= Barony of Ballyane =

Barony in County Wexford, Ireland

The Barony of Ballyane is a barony in County Wexford (Contae Loch Garman), Ireland. The territory was "surrendered and regranted" by the Clan Kavanagh in 1543.

==History==
Diarmait Mac Murchada, King of Uí Cheinnsealaig and king of Leinster, held the lands of the Barony of Ballyane in 1167. His clan of MacMurrough-Kavanagh began to regain some of their former territories in the 14th century, especially in the north of the county, principally under Art MacMurrough Kavanagh. He extended their territories and exercised control over County Wexford (Contae Loch Garman) and over County Carlow (Contae Cheatharlach), in the province of Leinster. In pre-Norman times, Leinster was part of the Kingdom of Uí Cheinnsealaig, whose capital was at Ferns.

Gaelic chiefs were actively encouraged to surrender their lands to the king, and then have them regranted (returned) as freeholds paying a chief rent under a royal charter if they swore loyalty to him. Those who surrendered were also expected to speak English, wear English-style dress, remain loyal to the Crown, pay a rent and follow English laws and customs, In return they would be protected from attack and could organise local courts and enter the Parliament of Ireland.
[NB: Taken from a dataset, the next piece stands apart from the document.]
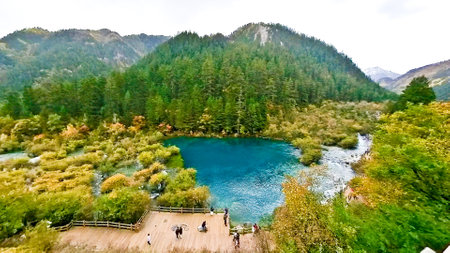 Scenery Jiuzhaigou national park in Sichuan, China. Beautiful Colorful Pond in Autumn season. Famous Landmark and Vacation near Chengdu, China. Asia travel concept

Surrender and Regrant was led by King Henry VIII (ruled 1509–47) in a bid to extend and secure his control over the island of Ireland. This policy started in the years between(1534–39) and the subsequent creation of the Kingdom of Ireland in 1541–42. Henry's problem was that many of the Irish clans remained autonomous and outside the control of his administration in Dublin. During the Tudor conquest of Ireland (c.1540-1603), surrender and regrant was the legal mechanism by which Irish clans were to be converted from a power structure rooted in clan and kin loyalties, to a late-feudal system under the English legal system. The policy was an attempt to involve the clan chiefs within the English polity, and to guarantee their property under English common law, as distinct from the traditional Irish Brehon law system.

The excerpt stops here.